With this stigma comes the argument in which people believe skateboarders are selfish and aggressive. Appealing to emotion, many people will point to one incident they heard from a police officer or some other anecdotal source in which a senior was nearly hit by a skateboarder.

I would like to counter this argument with my own experience. When I leave the house on foot, it is not uncommon for me to be nearly hit by a vehicle.

Moving away from my personal experience, in Victoria in 2012, according to the Insurance Corp. of B.C., there were 7,620 car accidents; within that number 1,790 of the victims were injured. There were 80 pedestrian accidents in Victoria, and 300 on southern Vancouver Island.

Moving back to my own bias: Within the red zone where skateboarding is considered bylaw-breaking, there is no shortage of accidents and near-accidents. Although it would be difficult to find any hard statistics, it should be common sense that skateboard accidents are not nearly as widespread, nor as dangerous as car accidents, even per capita.

Furthermore, car driving has other direct health impacts. A recent study in France showed that automobile emissions are killing up to 10,000 people per year in that country. The same study indicated that six to 11 per cent of lung-cancer cases in France are due to these emissions. In that statistic, it is easy to see some similarities between drivers and smokers, in the sense of the damage caused by second-hand smoke.

In addition, cars running on fossil fuels are promoting an ecologically devastating practice of extraction.

Skateboarding is a form of exercise, whereas there is no correlation between sitting in your car and improving your fitness. Is it a skater or a driver who is later a drain on the health-care system?

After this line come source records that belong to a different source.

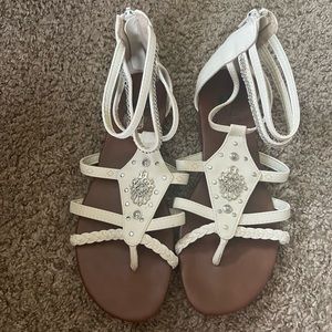 Flat sandals with ankle straps, white color with silver design. Worn once or twice- excellent condition…. And they zip up in the back. Clean home no smoking!!!!!!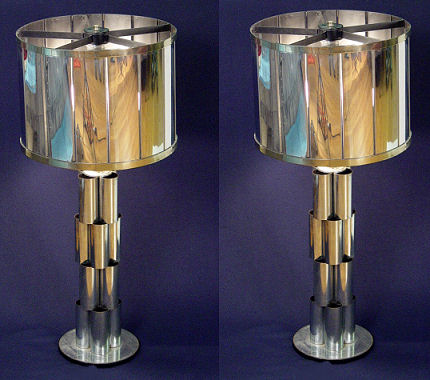 HIGH STYLE PAIR OF 1960'S 2 CHROME TABLE LAMPS: Paneled shades let the light shine through. Base and shade are both chrome. 36''h, shades are 16'' dia.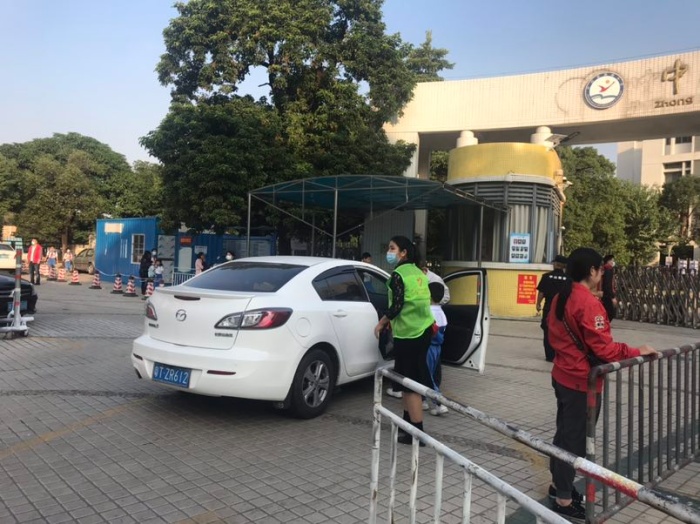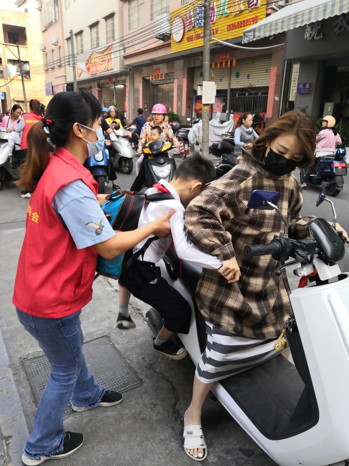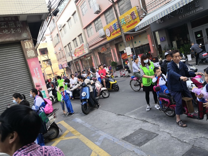 7:40——7:50分是学生流量最大的时候,摩托车、小汽车接踵而来,也是交通最堵塞的时候。为了能更快地疏导交通,义工队的家长们有条不紊地忙碌着:他们从摩托车上扶下个子小的孩子,帮助他们背上沉重的书包;教育孩子跟爸爸妈妈说一声再见;拉一下车门,让孩子快速的从车上下来,轻轻一关车门,车即离开......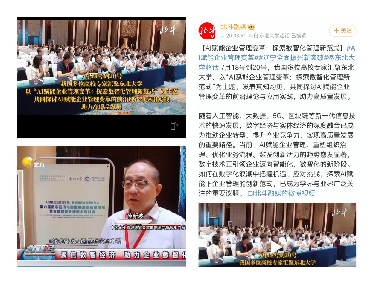 本届大会邀请了60余位国内外专家学者和企业高管,呈现了18场大会主旨报告、25篇论文交流分享、29场平行论坛,7本期刊对话,涵盖了AI赋能企业管理变革暨数智化管理新范式的诸多议题。会议期间,辽宁卫视《北方财经》栏目及《北斗融媒》视频号、微博视频号等媒体分别对大会进行了报道。本届专委会年会的召开,展示了智能制造与数智生态系统专委会理论创新与实践应用的丰硕成果,促进了数智管理领域产学研一体化深度合作,落实了党的产教融合、科教融汇方针与政策。专家学者、企业高管、咨询培训者们在交流中凝聚共识,在探讨中明确方向,在虚实共生中推动了AI赋能企业管理变革暨数智化管理新范式的融合发展。
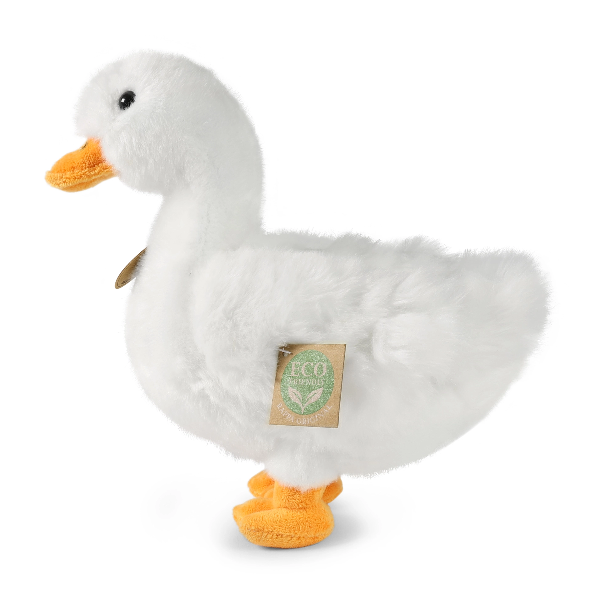 Mielas baltas 24 cm dydžio pliušinis ančiukas iš premium RAPPA kolekcijos pagamintas iš kokybiškų ir aplinkai draugiškų ECO medžiagų. Dėl rankų darbo atrodo lyg tikras, yra itin minkštas ir švelnus glostyti, o saugi užpildas iš perdirbtų PET butelių tinka net paties mažiausiems nuo gimimo.
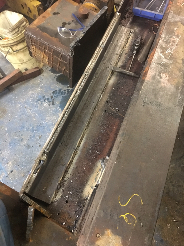 I welded a piece of angle iron under the beam flange on my wood splitter to hopefully stop it from bending. Give me some slack on the crappy weld job. I had a box full of 3/4 burnt welding rods and I figured this would be a good spot to use them.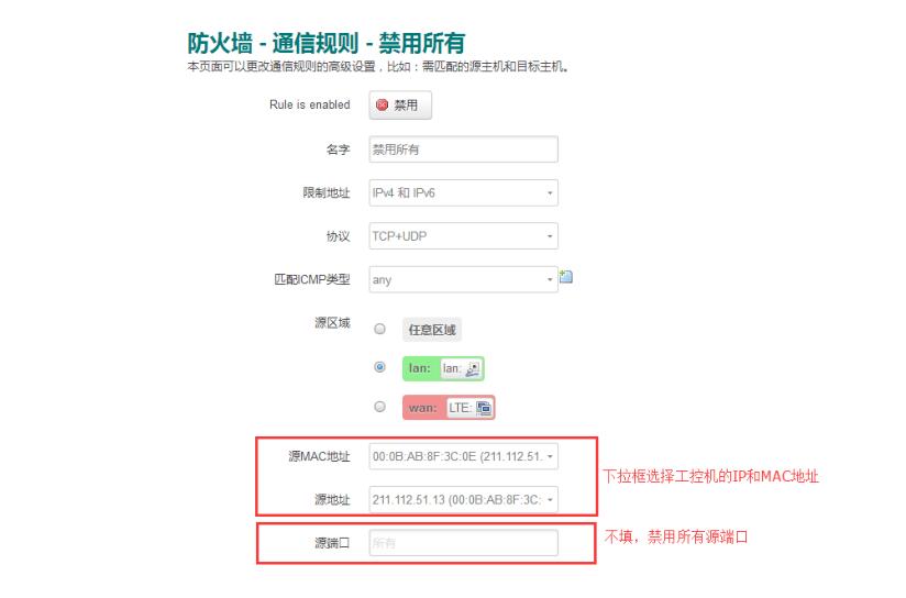 設(shè)置思路:首先添加規(guī)則禁止工控機(jī)訪(fǎng)問(wèn)所有網(wǎng)絡(luò),然后再添加規(guī)則只允許工控機(jī)訪(fǎng)

Why are skateboarders stigmatized over car drivers? When we narrow it down to the facts, car driving in downtown Victoria’s red zone — full of lights, one-way streets, stop signs and crosswalks — is incredibly more selfish and arrogant than skateboarding. It is less healthy; it is more damaging to the environment; and, most notably, it is more dangerous for drivers and non-drivers alike.

The demand from skateboarders is clear: eliminate the discriminatory right of officers to take people’s boards and open up the conversation about skateboarding safely on the roadside. Skateboarding is illegal only because of some outdated bylaws based on some non-factual predisposition that a city council held more than 20 years ago and has little rational, nor moral grounds to stand on.

Skateboarding is not a crime.

 

Born and raised in Victoria, Tyson Kelsall is a student at the University of Northern B.C. in Prince George.